Over the years, Google Ads, previously known as Google Adwords, has gone through many changes. Some changes are catered to the pros, those that soak up new features like a sponge, waiting for the next thing that will help them to surge ahead of the competition; while other changes are geared toward the novices, the small business owners with little experience and resources to devote to a full scale managed campaign. These two types don’t always see eye to eye, but they do have one thing in common – Google is making it easier and easier to automate every aspect of a paid campaign.
Automation Using Google AI
When you need a Google Ads PPC campaign up and running and you don’t have time to manage a campaign, then Google already has you covered. You just add your website and credit card and you can set it and forget it. Call a Google rep and they can pretty much cover all your bases. Alternatively, we see more and more companies applying a cookie cutter solution for their clients. They set it up using a template, add a couple Google automated features and send you a report at the end of the month. Neither of these are bad per se, but you have to look at what you’re getting. Are you really getting the best ROI? Do these options have you and your business’s best interests at heart? And ultimately, has automation eliminated the need for the human touch? We’ll explore why having a managed campaign is still the best option and how automation can be used judiciously to provide the highest return on your investment.
The Problem With Using Only Automation in Google Ads
First of all, there’s nothing wrong with using automated features in your pay-per-click campaign. Google’s search algorithm consists of user search data, a myriad of online partners that provide statistics and 46 billion data points to be able to predict a user’s intent and behavior. That’s certainly information that even the most skilled PPC expert can’t replicate. Automation can keep budgets in line, streamline labor intensive processes, create dynamic ads and alert you to potential issues. So why not just let Google do all the work? And to answer that, we need to get into the issues that can and do arise when you take your hands off the wheel.
Probably the most visible and important aspect of a Google Ads campaign. Your budget. Ask any expert in the field and they’ll say that as long as you see a solid return on your investment, the budget should be flexible. In reality though, this is usually a strict number that can’t be deviated from. Maybe you only have that much allocated to your marketing budget, maybe you rely on another party to be reimbursed for that budget… Whatever the case, you can’t go over. Here’s the tricksy thing that Google does. If you go fully automated, you set your campaign budgets to a certain number and they won’t spend over the monthly total allocated. ($10/day set = $304/mo.) Unfortunately there are a couple issues with this.

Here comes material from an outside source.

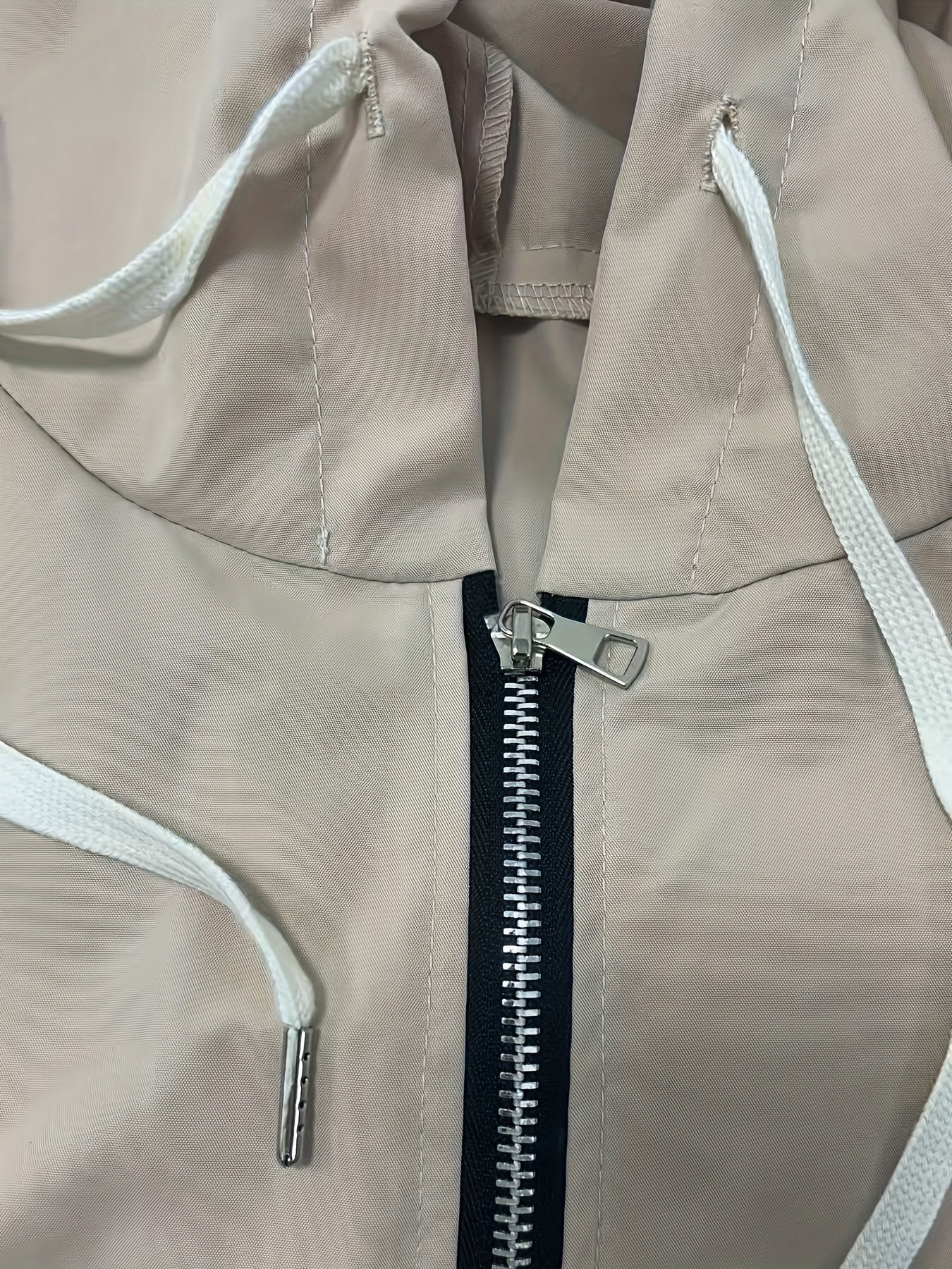 Women's Beige Full-Zip Hooded Jacket - Lightweight Full-Zip Outerwear, Full-Length Zipper Closure, Structured Fit Casual Coat for Fall/Spring, Everyday & Formal Events - Beige Trench Jacket, Zip Up Jacket Women, Jackets for W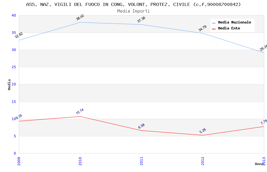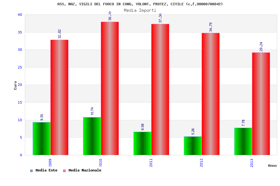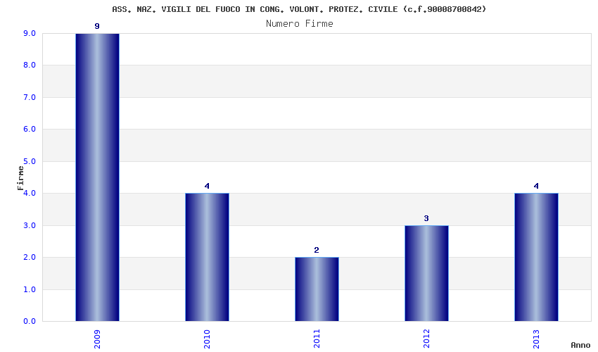 | Anno | Firme | Importi | Media | Naz. | Reg. | Prov. | Comu. |

Google can and will spend up to 2 times your daily budget ($10 to $20 eh, $1000 to $2000 ah!). The reason for this is based on traffic fluctuations and their prediction of when to best spend your money for the highest return. This leaves the possibility of spending all your budget in the first half of the month. It also doesn’t allow for optimizations during the month. Let’s say you spent all your money and you find out that all of it was spent on a keyword that is bringing subpar leads or profit loss product sales. You now will have to wait until next month to take action.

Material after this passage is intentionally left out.